Data from continuous variables are presented as mean value ± standard deviation or median (interquartile range, IQR) in the case of nonparametric distribution. Categorical variables are presented as count with percentage in parentheses. Associations between categorical variables were analyzed using Fisher's exact test. Comparisons of quantitative data across groups were performed with Mann-Whitney/T-test or Kruskal-Wallis/ ANOVA tests depending on the number of groups and the normality of the data. Differences between study groups, e.g., diabetic vs. non-diabetic subjects, regarding the levels of eicosanoids were evaluated by logistic regression, including in the models relevant covariates, namely age, sex, weight, hypertension, hyperlipidemia and diabetes (the latter only in the analysis of associations with eGFR and proteinuria in the entire cohort). One outlier in Figure 2 and two outliers in Figures 4 and 5 were excluded from the figures in order to improve the visibility of the charts. The threshold for outliers was determined by multiplying the IQR by 1.5 and adding the result to the third quartile. Statistical analyses were carried out using IBM SPSS Statistics package v.22 (IBM Corporation, Armonk, NY, USA). A p-value <0.05 was considered statistically significant.
Characteristics of the study population are summarized in Table 1(Tab. 1). The study included 132 patients (95 males) with DKD and 202 non-diabetic subjects (117 males). DKD patients were an average of 10 years older than non-diabetic individuals and had a higher incidence of hypertension and hyperlipidemia (Table 1(Tab. 1)).

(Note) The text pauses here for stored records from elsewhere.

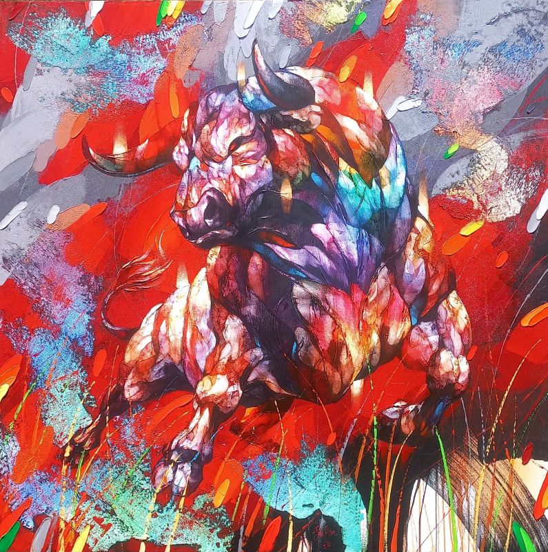 Tjokorda Bagus Wiratmaja was born in 1984 in Gianyar, Bali and enrolled in SMK N1 High School Sukawati with a specialization in Art, going on to graduate from The Indonesian Art Institute (ISI) in Yogyakarta with a Masters in Fine Arts. Tjokorda creates artworks stemming from intense emotion and fearless color exploration, with layered and textured canvases that sometimes use elements such as sand and pigment powder to achieve their finishing.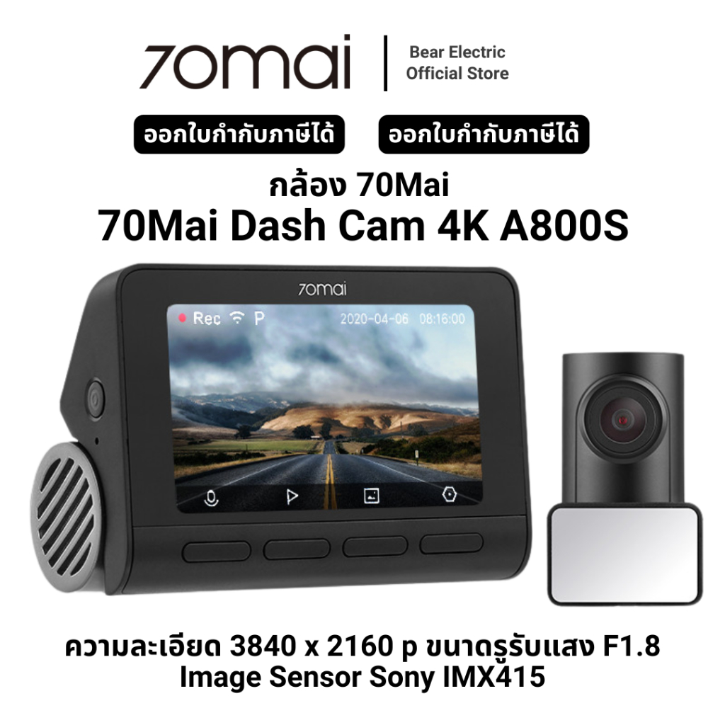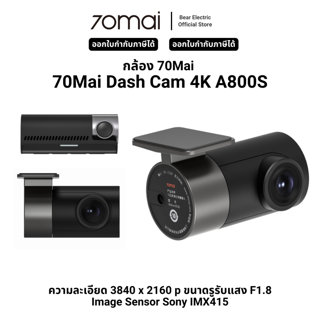 กล้องติดรถยนต์ 70Mai Dash Cam 4K A800S เลนส์กว้าง 140 องศา ประกันศูนย์ไทย 1 ปี
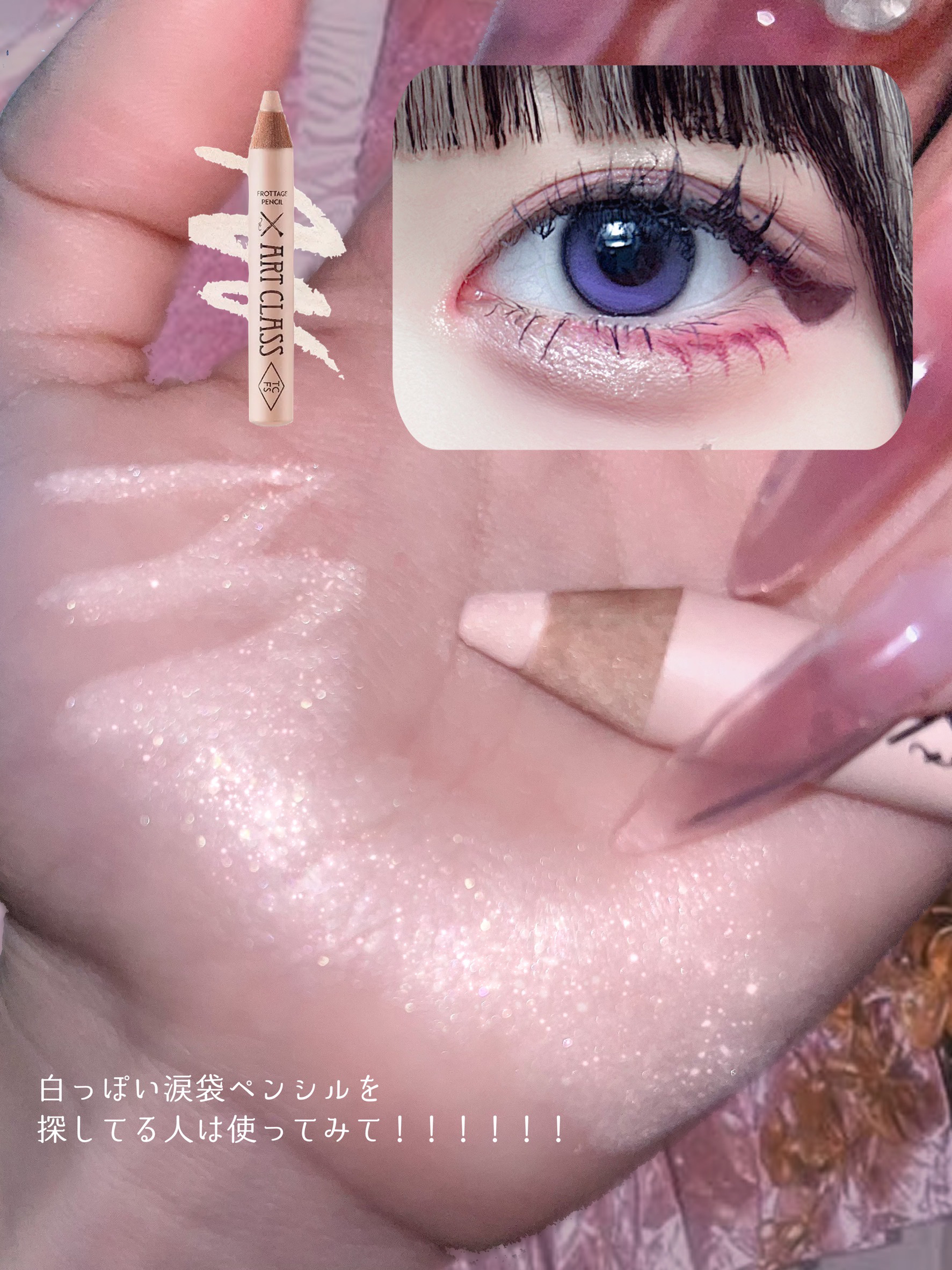 【涙袋爆誕!】バズってて気になってたtoocoolforschoolのフロッタージュペンシルを購入しました!色味は明るめのベージュを選択。キラキラが入ってるからコンシーラーとアイシャドウいらない!?2工程が1工程に減ったらめっちゃ嬉しい(泣)...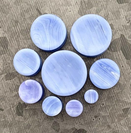 PAIR of Brilliant Concave Blue Lace Agate Double Flare Organic Stone Plugs - Gauges 2g (6mm) thru 1" (25mm)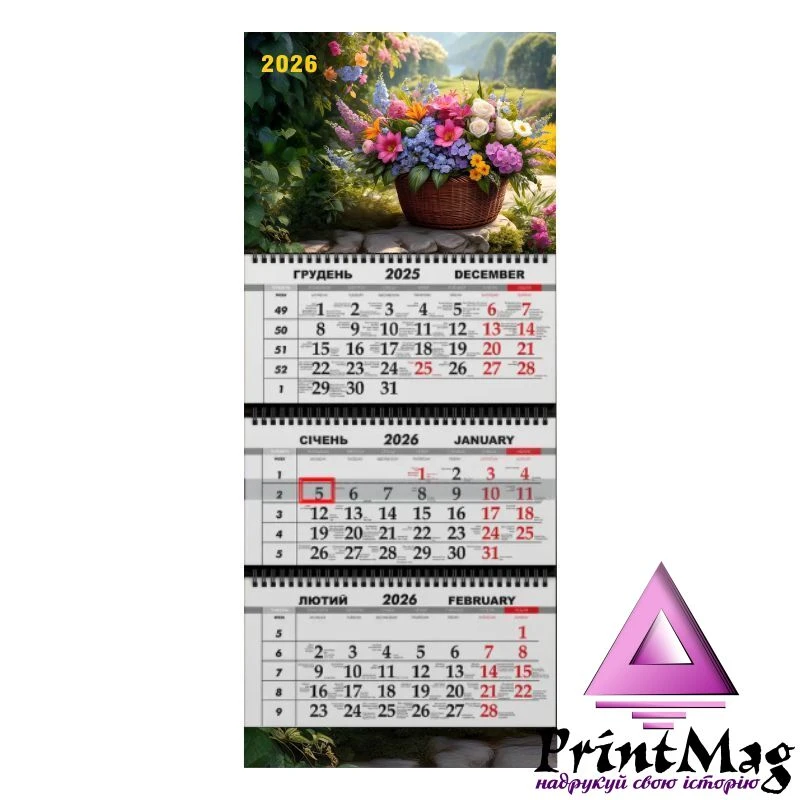 Квартальний календар на 2026 рік "Кошик квітів" К049

20-HETE excretion in urine has been pointed out as a potential indicator of human diseases (Nithipatikom et al., 2006; Minuz et al., 2008), which prompted us to also quantify this AA metabolite in the urine of all the study participants. The urinary 20-HETE-to-creatinine ratio (20-HETE ng/mg Cr) was measured in subjects with normoalbuminuria (< 30 mg/ 24 h), microalbuminuria (30-300 mg/24 h) and macroalbuminuria (> 300 mg/24 h), which revealed statistically significant differences in the observed ratios across the three groups (p=0.012), with higher values in individuals without proteinuria and lower ratios in those with macroalbuminuria. Median (IQR) values were 5.50 (1.90-10.50), 4.16 (1.74-10.15) and 1.54 (0.62-4.16) ng/mg Cr for the three groups (Figure 2(Fig. 2)). Plasma concentrations of 14,15-DHET or 11,12-DHET did not show a significant association with albuminuria (Supplementary Figure S2excli2021-3408_supplementary_material.pdf).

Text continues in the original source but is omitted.